As everyone settles down in the new mode of operations, the number of small tasks has increased and the number of big projects has decreased.

The plagiarism tool is in testing among some of the teachers at school, and the funny reaction of my team of developers asking for an API (to avoid going through the web front end that I crafted - probably badly - in React) made me smile.

What fascinates me overall is the inability of "the web" to cope with the sudden influx of having a ton more people working from home. "They" said the web would replace everything, that it was just a matter of scaling up.

Azure seems to be full, GCloud has some issues with the data traffic, AWS is holding but the status page keep showing outages...

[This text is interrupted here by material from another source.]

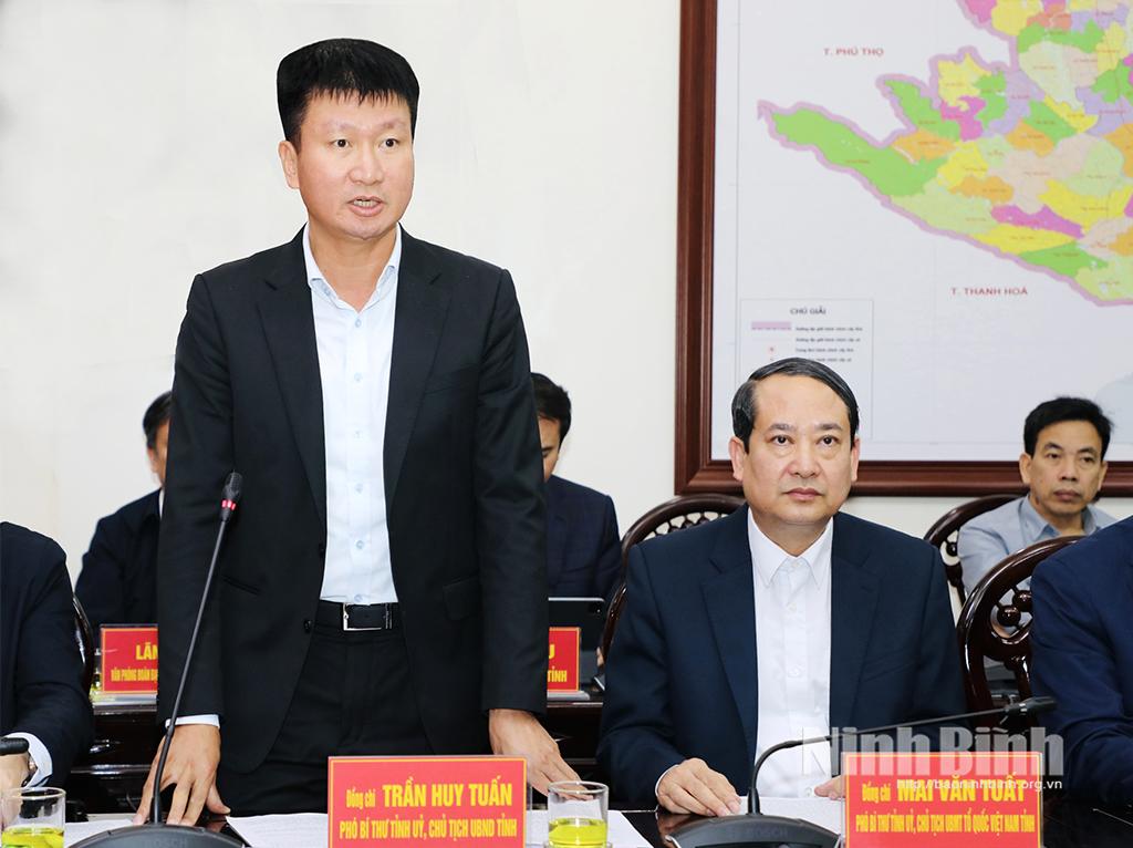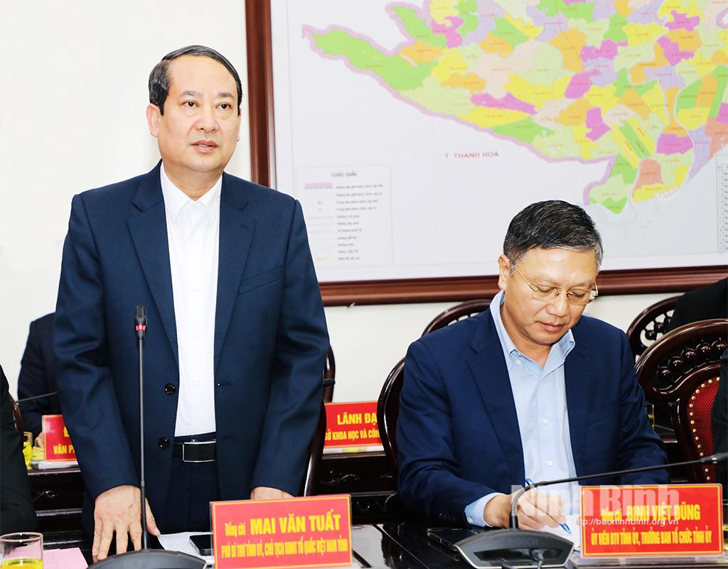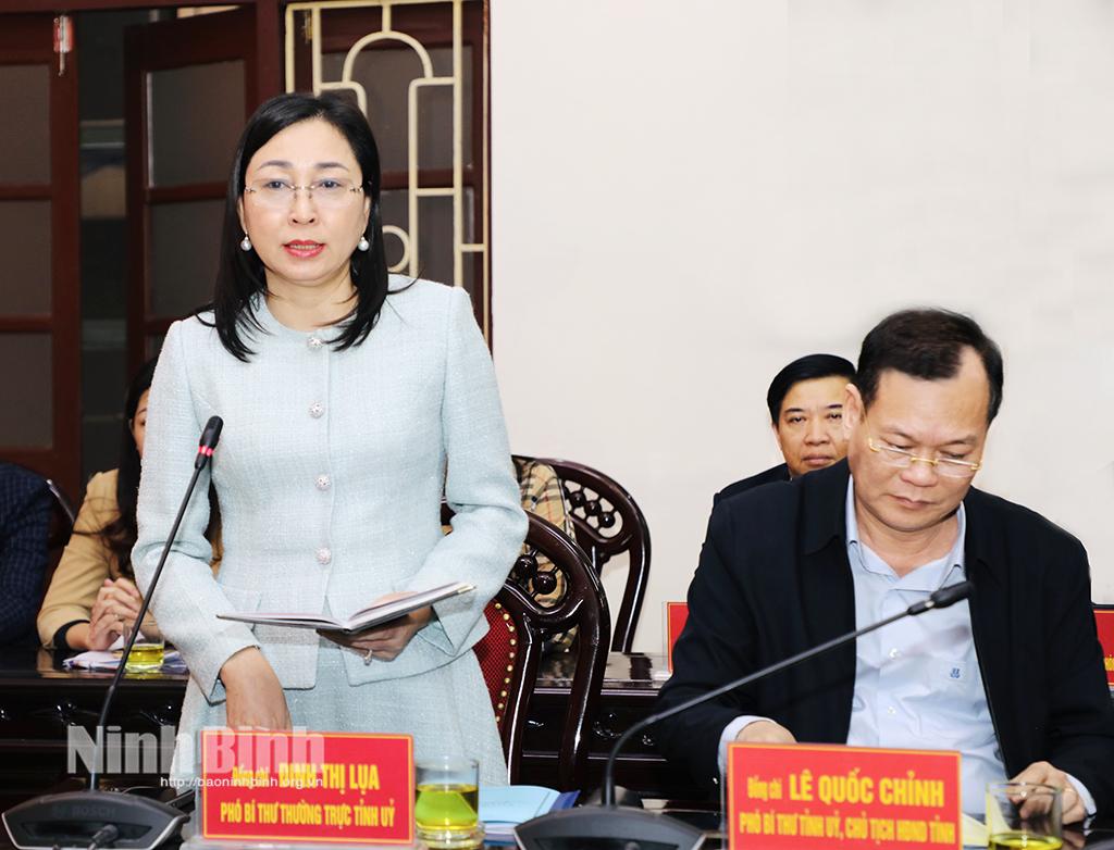 Các đồng chí: Đinh Thị Lụa, Phó Bí thư Thường trực Tỉnh ủy; Lê Quốc Chỉnh, Phó Bí thư Tỉnh ủy, Chủ tịch HĐND tỉnh; Trần Huy Tuấn, Phó Bí thư Tỉnh ủy, Chủ tịch UBND tỉnh; Mai Văn Tuất, Phó Bí thư Tỉnh ủy, Chủ tịch Ủy ban MTTQ Việt Nam tỉnh dự buổi làm việc. Cùng dự có các đồng chí Ủy viên Ban Thường vụ Tỉnh ủy; lãnh đạo HĐND, UBND tỉnh; lãnh đạo Văn phòng Tỉnh uỷ, Văn phòng UBND tỉnh, các sở, ban, ngành của tỉnh.

Don't get me wrong, I've been working remote for close to 20 years, so I'm not saying office work is better. But I have been working on projects with people who said it didn't matter if the performance was poor, because they'd just order a bigger server or two.

That inability to take into account the physical constraints of our world is one of the things that grind my gears the most: I've been working on embedded software and high-performance backend stuff for a long time, and betting on poor code hygiene to be compensated by someone else is never a good bet. It ends up with re-writing the code again, and again, and again.

When it's not the RAM issues (lookin at you Electron), it's server constraints (oh the surprise when your instance autoscales up), or bandwidth issues (our government is thinking of restricting the use of Netflix and the like 🙄).

This situation will hopefully remove the attention from the people who can talk and present the best, and back onto more objective metrics (aka "does it work under load?")

I don't rent a small server because I'm cheap. I do it because I can't release any software that doesn't work "correctly" on the bare minimum of specs I have decided the users will have. Then again, when it explodes, it's a great opportunity to learn new things about optimization and constraints 🧐

Since the situation will last a while longer, I hope it reminds everyone that what we do isn't magic. It's science, and we can't wave the problems and constraints away.